::: Data for analysis
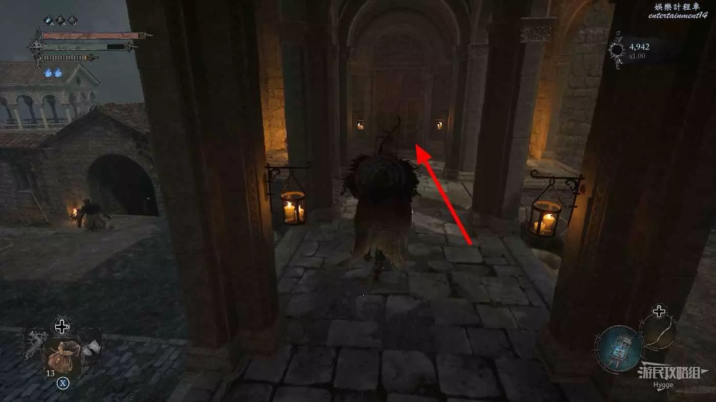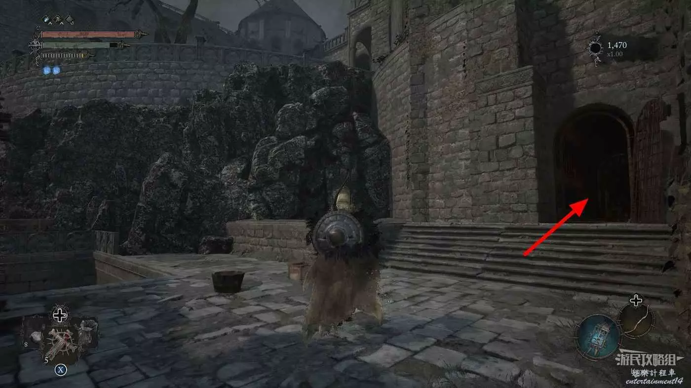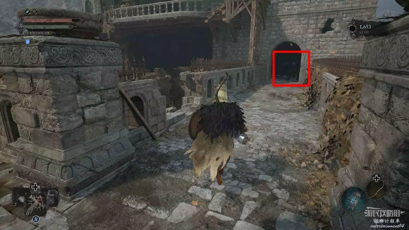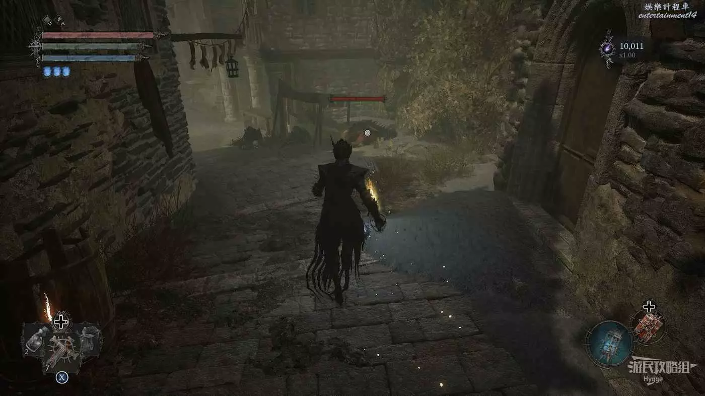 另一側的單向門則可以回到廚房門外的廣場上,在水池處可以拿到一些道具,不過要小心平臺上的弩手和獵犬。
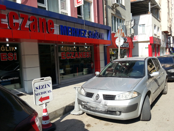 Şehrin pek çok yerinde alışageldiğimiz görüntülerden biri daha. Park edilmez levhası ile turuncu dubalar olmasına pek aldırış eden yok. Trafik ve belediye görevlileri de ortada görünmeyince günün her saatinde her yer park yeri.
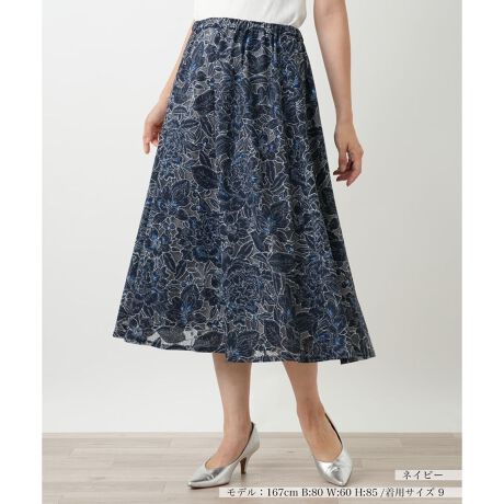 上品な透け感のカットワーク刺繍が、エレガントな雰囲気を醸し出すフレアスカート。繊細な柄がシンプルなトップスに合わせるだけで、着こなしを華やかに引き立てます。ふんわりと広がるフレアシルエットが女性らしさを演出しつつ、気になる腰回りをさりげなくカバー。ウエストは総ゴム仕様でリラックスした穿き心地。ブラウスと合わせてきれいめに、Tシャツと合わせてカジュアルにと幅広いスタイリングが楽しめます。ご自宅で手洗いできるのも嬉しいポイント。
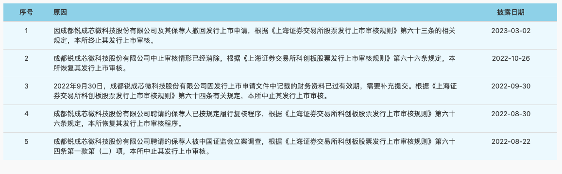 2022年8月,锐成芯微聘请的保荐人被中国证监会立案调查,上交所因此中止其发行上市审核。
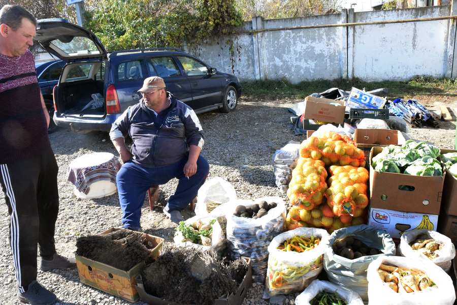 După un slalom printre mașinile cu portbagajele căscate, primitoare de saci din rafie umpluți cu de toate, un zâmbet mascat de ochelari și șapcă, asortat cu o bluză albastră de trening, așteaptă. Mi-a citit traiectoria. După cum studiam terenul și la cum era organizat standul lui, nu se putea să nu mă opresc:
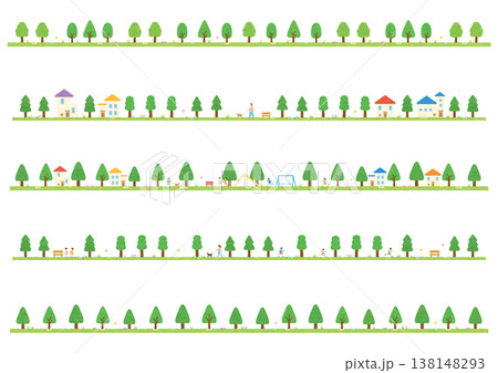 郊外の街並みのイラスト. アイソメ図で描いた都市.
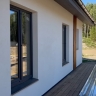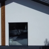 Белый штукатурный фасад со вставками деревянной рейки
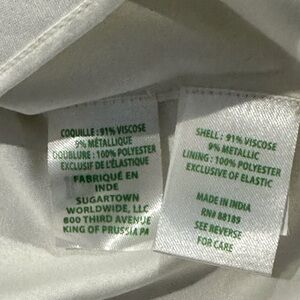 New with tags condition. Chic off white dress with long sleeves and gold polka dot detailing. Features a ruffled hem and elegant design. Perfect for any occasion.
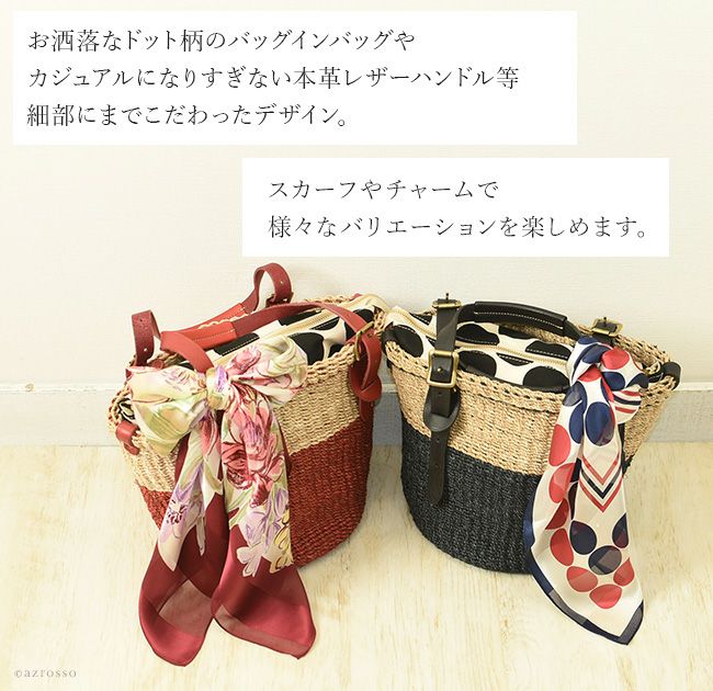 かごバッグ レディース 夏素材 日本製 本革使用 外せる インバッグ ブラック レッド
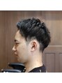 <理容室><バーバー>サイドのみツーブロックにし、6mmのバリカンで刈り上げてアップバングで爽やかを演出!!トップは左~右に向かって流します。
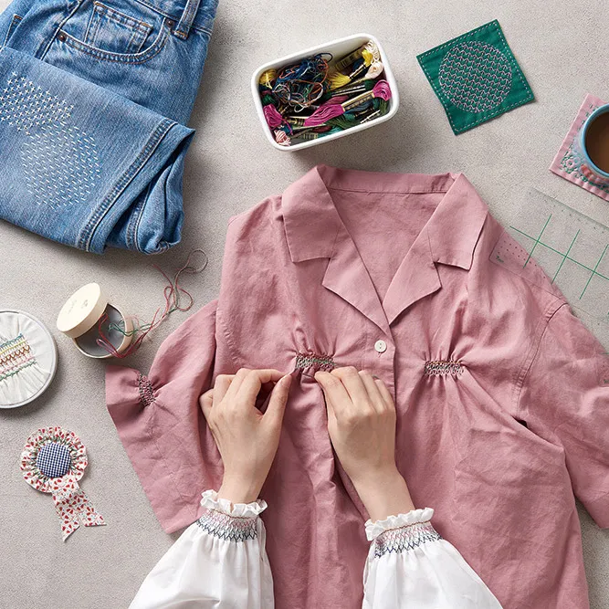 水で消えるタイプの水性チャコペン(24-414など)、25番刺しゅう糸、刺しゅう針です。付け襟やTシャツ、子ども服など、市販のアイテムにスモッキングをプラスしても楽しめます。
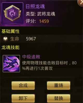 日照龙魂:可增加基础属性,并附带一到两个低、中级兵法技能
::::::
::: Data for analysis
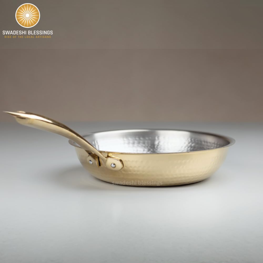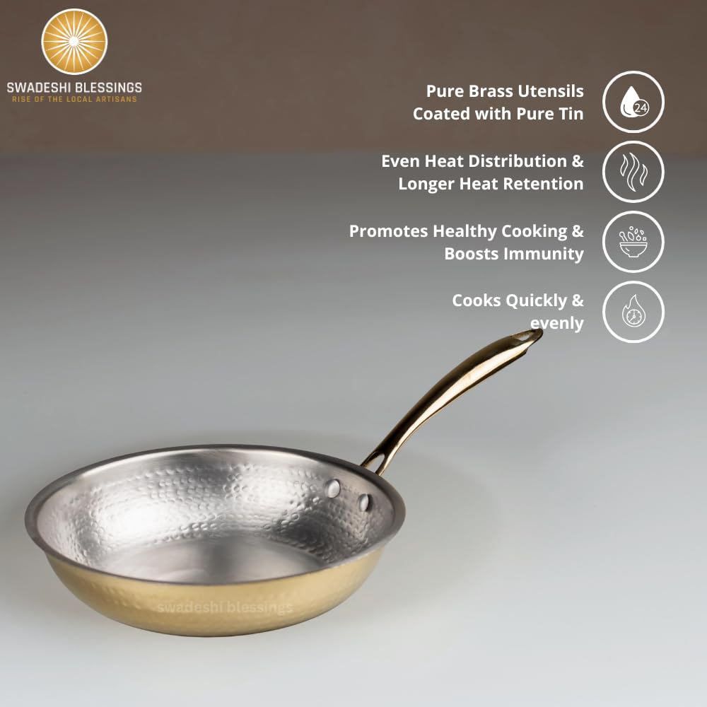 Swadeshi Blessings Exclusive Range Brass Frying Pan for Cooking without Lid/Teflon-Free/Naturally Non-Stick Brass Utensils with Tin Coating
::::::
Work required>
Set down again, exactly, every line above from the one with "郊外の街並みのイラスト. アイソメ図で描いた都市." down to the one with "日照龙魂:可增加基础属性,并附带一到两个低、中级兵法技能", both ends included. No pictures, and nothing else.

Result>
 郊外の街並みのイラスト. アイソメ図で描いた都市.
 Белый штукатурный фасад со вставками деревянной рейки
 New with tags condition. Chic off white dress with long sleeves and gold polka dot detailing. Features a ruffled hem and elegant design. Perfect for any occasion.
 かごバッグ レディース 夏素材 日本製 本革使用 外せる インバッグ ブラック レッド
 <理容室><バーバー>サイドのみツーブロックにし、6mmのバリカンで刈り上げてアップバングで爽やかを演出!!トップは左~右に向かって流します。
 水で消えるタイプの水性チャコペン(24-414など)、25番刺しゅう糸、刺しゅう針です。付け襟やTシャツ、子ども服など、市販のアイテムにスモッキングをプラスしても楽しめます。
 日照龙魂:可增加基础属性,并附带一到两个低、中级兵法技能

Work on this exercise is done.